So, why is China buying MRAPs especially at a time when some in the U.S. defense establishment are calling for the U.S. to cut the the purchase of such gear after we leave Iraq and Afghanistan so that we can focus on buying high-end weapons to counter China with?
The picture above shows one of the PLA’s new MRAPs.
Apparently, the PLA inked a deal last fall with South African company, Mobile Land Systems (MLS), for 11 MRAPs and the design rights for the vehicles and the company’s chief executive thinks China may need more than 10,000 of the vehicles in the coming years:
MLS CE Dewald Hattingh says indications are that China may need as many as 10, 000 MRAP vehicles to cover their internal needs and equip peacekeeping missions. The PLA is the largest military in the world mustering some three million soldiers, sailors and airmen, of whom some 2.5 million are in full-time service. It is said to operate over 8500 main battle tanks but just over 1,000 infantry combat vehicles and 3,500 armoured personnel carrier of various designs – and none mine protected.

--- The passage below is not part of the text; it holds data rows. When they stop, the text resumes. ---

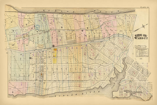 - Significado histórico o contexto: Este mapa ofrece información sobre el desarrollo urbano y la distribución de la propiedad en la ciudad de Nueva York a fines del siglo XIX. Es valioso para comprender el uso histórico del suelo y la planificación urbana en una de las ciudades más emblemáticas del mundo.
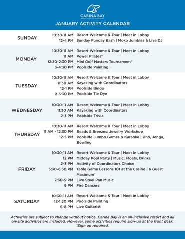 Activity Calendar - Carina Bay
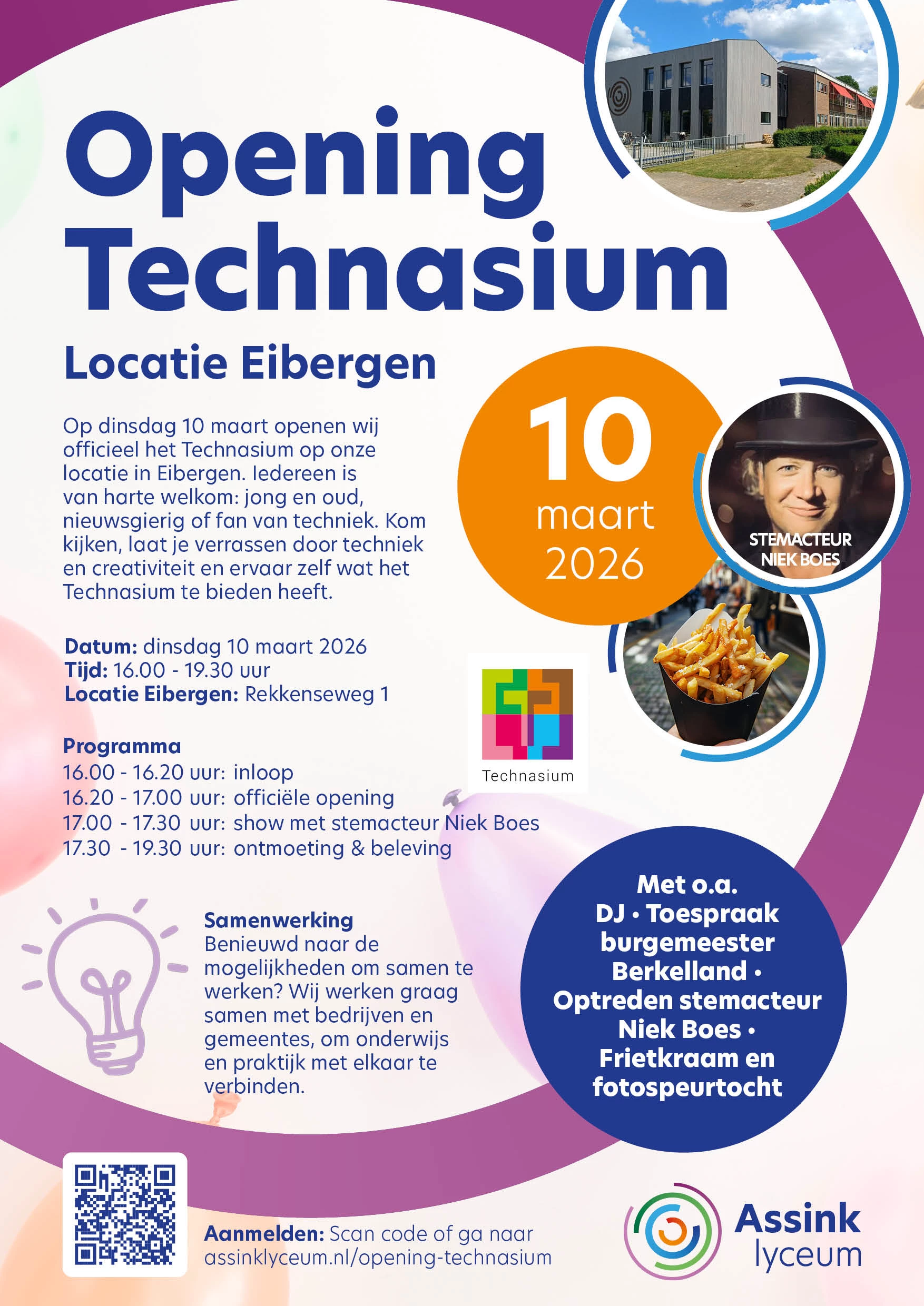 Op dinsdag 10 maart openen wij officieel het Technasium op onze locatie in Eibergen. Iedereen is van harte welkom: jong en oud, nieuwsgierig of fan van techniek. Kom kijken, laat je verrassen door techniek en creativiteit en ervaar zelf wat het Technasium te bieden heeft. Aansluitend is er ruimte voor ontmoeting en beleving.

One has to wonder, what’s behind the PLA’s need for MRAPs, a staple Western COIN tool?
Maybe the “insurgency” in China’s Muslim west is heating up or maybe China expects to be conducting operations abroad that will require heavily armored COIN vehicles? Maybe they are for legit peacekeeping ops, or maybe the PLA is eyeing Iraq/Afghanistan-style regime change missions; who knows?
Or perhaps China see’s a cadre of MRAPs as part of a modern military’s arsenal, based in-part, on the U.S. equipping itself with the trucks for COIN ops. Teal Group defense analyst Steve Zaloga thinks this may be the most viable answer to the question, telling DT:
MRAPs are a “flavor of the month” in the armored vehicle industry due to the extensive use by US and allied forces in Iraq and Afghanistan. The Russians have also used them in the Caucasus. China is undoubtedly interested in staying abreast of current technology trends regardless of whether they have internal requirements at the moment. Furthermore, Chinese industry is very export oriented, and they probably view acquisition of MRAPs as a means to stay current in the export market for armored vehicles.